Now to the meat of the post.

Let’s talk about dimensional report design.

Building dimensional reports is more of the more complex tasks a Cognos developer can face. Relational reports over a few tables is an easy task, but the skills learned don’t necessarily transfer over. While similar in appearance, the queries use a very different style.

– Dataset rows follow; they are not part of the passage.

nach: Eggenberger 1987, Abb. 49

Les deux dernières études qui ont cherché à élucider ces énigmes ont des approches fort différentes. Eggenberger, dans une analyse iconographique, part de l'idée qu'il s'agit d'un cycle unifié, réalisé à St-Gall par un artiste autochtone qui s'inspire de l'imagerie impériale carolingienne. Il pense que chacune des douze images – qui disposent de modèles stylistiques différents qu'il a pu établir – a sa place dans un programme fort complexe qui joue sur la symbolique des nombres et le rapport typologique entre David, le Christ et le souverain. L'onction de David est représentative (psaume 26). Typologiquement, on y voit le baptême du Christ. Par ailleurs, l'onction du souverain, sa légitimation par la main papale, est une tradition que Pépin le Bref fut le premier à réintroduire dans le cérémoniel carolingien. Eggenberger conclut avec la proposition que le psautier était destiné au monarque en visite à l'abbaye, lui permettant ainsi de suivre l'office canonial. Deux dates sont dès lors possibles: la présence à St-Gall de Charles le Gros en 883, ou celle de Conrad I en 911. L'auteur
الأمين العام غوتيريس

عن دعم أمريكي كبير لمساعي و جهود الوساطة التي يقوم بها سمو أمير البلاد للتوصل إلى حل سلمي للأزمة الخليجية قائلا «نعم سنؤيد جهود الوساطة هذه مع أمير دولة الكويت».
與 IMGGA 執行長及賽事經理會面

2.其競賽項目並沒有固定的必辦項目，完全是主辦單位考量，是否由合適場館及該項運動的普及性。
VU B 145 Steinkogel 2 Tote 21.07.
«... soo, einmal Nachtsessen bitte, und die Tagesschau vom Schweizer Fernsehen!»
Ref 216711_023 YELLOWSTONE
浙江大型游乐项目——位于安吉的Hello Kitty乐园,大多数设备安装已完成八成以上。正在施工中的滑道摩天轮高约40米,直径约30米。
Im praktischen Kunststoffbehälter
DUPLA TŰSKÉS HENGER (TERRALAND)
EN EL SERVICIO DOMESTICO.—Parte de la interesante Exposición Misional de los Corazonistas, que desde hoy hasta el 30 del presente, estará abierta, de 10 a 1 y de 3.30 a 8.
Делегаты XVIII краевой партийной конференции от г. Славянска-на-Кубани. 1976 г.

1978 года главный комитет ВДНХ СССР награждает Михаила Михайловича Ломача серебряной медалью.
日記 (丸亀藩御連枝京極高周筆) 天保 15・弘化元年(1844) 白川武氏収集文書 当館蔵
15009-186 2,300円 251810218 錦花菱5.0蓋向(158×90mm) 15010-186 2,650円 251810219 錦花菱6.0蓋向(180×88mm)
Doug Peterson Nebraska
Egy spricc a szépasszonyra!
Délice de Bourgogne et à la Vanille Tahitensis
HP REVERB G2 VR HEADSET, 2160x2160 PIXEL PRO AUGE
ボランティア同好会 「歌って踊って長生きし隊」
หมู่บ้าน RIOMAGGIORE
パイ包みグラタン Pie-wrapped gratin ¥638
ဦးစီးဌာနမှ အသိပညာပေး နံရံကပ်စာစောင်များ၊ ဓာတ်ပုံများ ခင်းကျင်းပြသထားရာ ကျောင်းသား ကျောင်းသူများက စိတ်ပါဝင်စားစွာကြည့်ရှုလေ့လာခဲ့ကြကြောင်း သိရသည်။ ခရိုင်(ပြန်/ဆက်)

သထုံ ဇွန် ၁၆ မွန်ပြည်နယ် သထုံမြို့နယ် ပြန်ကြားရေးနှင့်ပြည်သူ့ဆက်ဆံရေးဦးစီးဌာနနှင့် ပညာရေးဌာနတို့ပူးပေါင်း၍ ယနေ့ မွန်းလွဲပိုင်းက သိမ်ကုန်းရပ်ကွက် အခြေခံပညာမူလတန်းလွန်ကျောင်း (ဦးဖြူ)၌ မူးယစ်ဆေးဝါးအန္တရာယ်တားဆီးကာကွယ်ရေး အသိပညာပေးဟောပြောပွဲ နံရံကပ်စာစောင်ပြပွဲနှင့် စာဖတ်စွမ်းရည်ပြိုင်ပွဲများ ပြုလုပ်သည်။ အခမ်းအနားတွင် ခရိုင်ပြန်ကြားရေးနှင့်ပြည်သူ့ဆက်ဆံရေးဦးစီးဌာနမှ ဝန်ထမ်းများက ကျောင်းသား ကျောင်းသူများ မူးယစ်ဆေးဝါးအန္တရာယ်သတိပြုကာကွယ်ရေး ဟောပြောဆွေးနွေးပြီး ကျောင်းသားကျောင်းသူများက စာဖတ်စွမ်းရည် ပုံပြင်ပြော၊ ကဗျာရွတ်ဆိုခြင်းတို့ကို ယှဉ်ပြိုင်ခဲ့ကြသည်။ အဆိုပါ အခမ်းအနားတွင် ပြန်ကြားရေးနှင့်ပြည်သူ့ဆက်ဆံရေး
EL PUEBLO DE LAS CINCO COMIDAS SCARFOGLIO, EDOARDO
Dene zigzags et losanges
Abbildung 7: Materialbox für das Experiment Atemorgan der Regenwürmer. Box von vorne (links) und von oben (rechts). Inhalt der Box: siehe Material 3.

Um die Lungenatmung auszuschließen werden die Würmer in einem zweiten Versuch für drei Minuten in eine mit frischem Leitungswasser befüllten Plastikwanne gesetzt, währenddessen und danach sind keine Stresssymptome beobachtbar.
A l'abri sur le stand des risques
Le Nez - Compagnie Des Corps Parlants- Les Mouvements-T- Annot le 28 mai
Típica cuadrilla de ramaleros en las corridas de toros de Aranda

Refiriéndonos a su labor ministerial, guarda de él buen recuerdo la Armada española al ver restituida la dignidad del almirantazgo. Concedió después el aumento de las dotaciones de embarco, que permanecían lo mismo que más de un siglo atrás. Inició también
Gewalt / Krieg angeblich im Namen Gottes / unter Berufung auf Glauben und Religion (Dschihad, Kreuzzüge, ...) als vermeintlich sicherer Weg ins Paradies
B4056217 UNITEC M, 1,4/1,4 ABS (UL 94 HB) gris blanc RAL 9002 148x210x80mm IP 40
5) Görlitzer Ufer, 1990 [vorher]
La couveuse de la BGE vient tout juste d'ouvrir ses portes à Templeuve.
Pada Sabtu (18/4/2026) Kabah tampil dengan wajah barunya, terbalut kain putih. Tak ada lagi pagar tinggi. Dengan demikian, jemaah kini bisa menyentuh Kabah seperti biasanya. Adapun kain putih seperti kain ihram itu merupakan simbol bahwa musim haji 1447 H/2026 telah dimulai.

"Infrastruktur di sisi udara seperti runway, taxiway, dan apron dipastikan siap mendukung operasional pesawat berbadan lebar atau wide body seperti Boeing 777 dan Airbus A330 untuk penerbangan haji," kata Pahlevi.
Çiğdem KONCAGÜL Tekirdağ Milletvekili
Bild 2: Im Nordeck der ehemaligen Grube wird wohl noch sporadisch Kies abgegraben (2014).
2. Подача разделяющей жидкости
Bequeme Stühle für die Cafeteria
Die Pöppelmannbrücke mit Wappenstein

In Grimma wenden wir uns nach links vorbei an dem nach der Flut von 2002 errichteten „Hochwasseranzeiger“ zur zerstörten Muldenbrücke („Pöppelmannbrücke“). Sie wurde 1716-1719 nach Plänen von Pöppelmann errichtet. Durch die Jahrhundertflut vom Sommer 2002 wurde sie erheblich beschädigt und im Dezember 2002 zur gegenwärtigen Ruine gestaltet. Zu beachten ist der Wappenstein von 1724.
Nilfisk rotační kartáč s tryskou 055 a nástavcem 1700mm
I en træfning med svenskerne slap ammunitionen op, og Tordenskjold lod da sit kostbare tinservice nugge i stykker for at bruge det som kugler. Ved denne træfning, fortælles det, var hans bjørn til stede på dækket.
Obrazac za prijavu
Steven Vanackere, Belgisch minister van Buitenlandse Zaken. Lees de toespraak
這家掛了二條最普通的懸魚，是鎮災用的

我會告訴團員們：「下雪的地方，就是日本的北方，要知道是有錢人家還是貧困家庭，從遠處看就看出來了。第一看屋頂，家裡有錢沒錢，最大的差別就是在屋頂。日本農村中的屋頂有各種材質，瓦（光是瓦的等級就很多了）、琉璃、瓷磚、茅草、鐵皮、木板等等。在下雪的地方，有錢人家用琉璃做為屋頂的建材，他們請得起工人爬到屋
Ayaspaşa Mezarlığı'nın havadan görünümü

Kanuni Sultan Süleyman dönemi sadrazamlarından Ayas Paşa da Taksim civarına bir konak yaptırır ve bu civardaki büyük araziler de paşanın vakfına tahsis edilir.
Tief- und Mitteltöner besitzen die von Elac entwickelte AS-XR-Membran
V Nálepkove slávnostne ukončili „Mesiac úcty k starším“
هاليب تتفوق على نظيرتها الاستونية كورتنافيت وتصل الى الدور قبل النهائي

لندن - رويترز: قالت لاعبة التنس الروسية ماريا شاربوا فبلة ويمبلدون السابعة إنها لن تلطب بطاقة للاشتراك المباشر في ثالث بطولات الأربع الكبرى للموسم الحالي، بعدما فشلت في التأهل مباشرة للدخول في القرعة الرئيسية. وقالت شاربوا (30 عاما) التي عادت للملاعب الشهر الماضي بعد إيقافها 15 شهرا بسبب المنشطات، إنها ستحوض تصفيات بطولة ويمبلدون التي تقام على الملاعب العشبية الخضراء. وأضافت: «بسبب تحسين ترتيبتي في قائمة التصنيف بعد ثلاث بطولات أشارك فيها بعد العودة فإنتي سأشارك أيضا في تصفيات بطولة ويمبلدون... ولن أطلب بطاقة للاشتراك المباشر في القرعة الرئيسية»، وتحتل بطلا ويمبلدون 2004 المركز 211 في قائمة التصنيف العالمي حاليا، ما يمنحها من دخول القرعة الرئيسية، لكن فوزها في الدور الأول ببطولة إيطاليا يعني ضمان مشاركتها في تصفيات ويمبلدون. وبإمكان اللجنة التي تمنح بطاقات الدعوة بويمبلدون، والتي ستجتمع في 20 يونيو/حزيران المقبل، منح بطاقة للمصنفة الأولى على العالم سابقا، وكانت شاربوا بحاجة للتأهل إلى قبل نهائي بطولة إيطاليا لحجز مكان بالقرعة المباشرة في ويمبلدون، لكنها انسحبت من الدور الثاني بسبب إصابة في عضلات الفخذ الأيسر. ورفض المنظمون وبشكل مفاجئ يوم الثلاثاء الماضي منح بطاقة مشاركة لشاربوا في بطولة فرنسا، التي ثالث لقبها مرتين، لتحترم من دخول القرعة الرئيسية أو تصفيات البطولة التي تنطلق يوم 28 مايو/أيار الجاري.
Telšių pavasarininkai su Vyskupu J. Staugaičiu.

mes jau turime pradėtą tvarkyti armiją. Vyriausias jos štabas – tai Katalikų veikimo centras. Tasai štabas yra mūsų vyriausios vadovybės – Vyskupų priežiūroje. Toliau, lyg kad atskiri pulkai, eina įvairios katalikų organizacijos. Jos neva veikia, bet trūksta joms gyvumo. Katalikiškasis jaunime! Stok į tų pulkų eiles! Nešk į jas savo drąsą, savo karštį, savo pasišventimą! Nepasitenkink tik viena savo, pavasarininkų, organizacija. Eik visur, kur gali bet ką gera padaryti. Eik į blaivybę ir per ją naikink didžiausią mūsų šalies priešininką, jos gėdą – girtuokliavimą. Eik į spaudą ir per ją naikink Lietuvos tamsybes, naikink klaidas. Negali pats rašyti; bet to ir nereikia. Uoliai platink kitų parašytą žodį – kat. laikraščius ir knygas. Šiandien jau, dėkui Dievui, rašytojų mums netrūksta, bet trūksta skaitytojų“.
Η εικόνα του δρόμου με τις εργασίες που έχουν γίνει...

When building a query, it might be tempting to explicitly create a tuple for each item. Case in point, consider the following requirement:

year in column, prior year, Year over Year%
4 measures
Org Hierarchy in rows
desired output

It might be tempting to make each column a separate tuple.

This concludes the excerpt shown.